• _PROBLEM STATEMENT_:
Repeat verbatim what the listing holds, but not its pictures.

• _DATA PROVIDED_:
:::::

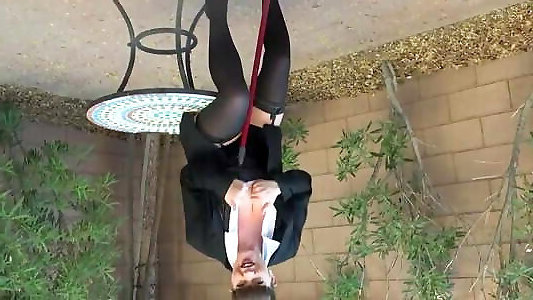 mère nue en string et chaussures à lextérieur
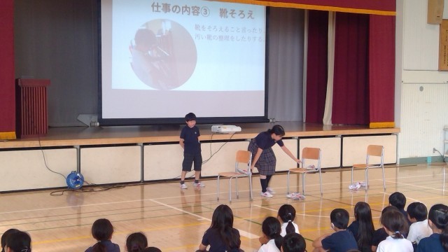 環境委員会は、子どもたちが気持ちよく一日を始められるよう、朝の挨拶運動や、上履きがきちんと揃えられるよう声かけをしたり、乱れた上履きを直したりと、日々の学校生活を支えてくれています。
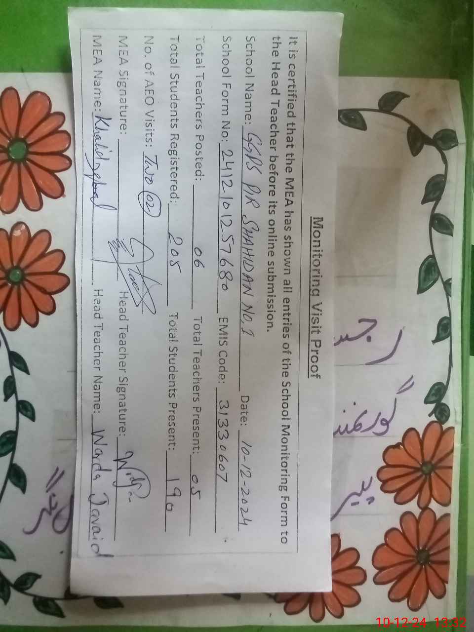 | Attendance Register | Head Teacher | MEA with School | Visit Proof |
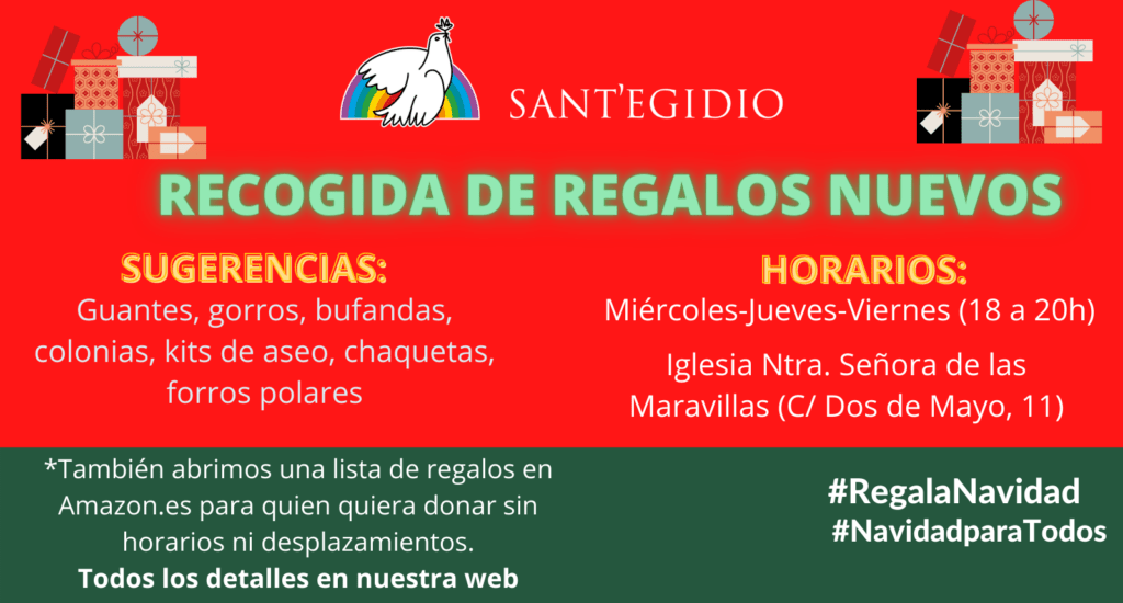 Recibimos las donaciones de regalos (jerseys, forros polares (hombre-mujer), guantes, gorros, bufandas, colonias, artículos de aseo) en la Iglesia Ntra. Señora de las Maravillas (C/Dos de Mayo, 11) los miércoles, jueves y viernes de 18 a 20hrs. Además, hemos abierto una lista de compra en Amazon para facilitar a las personas que quieran evitar desplazamientos y horarios. Pincha aquí para ACCEDER A LA LISTA

:::::

• _ANSWER SECTION_:
 mère nue en string et chaussures à lextérieur
 環境委員会は、子どもたちが気持ちよく一日を始められるよう、朝の挨拶運動や、上履きがきちんと揃えられるよう声かけをしたり、乱れた上履きを直したりと、日々の学校生活を支えてくれています。
 | Attendance Register | Head Teacher | MEA with School | Visit Proof |
 Recibimos las donaciones de regalos (jerseys, forros polares (hombre-mujer), guantes, gorros, bufandas, colonias, artículos de aseo) en la Iglesia Ntra. Señora de las Maravillas (C/Dos de Mayo, 11) los miércoles, jueves y viernes de 18 a 20hrs. Además, hemos abierto una lista de compra en Amazon para facilitar a las personas que quieran evitar desplazamientos y horarios. Pincha aquí para ACCEDER A LA LISTA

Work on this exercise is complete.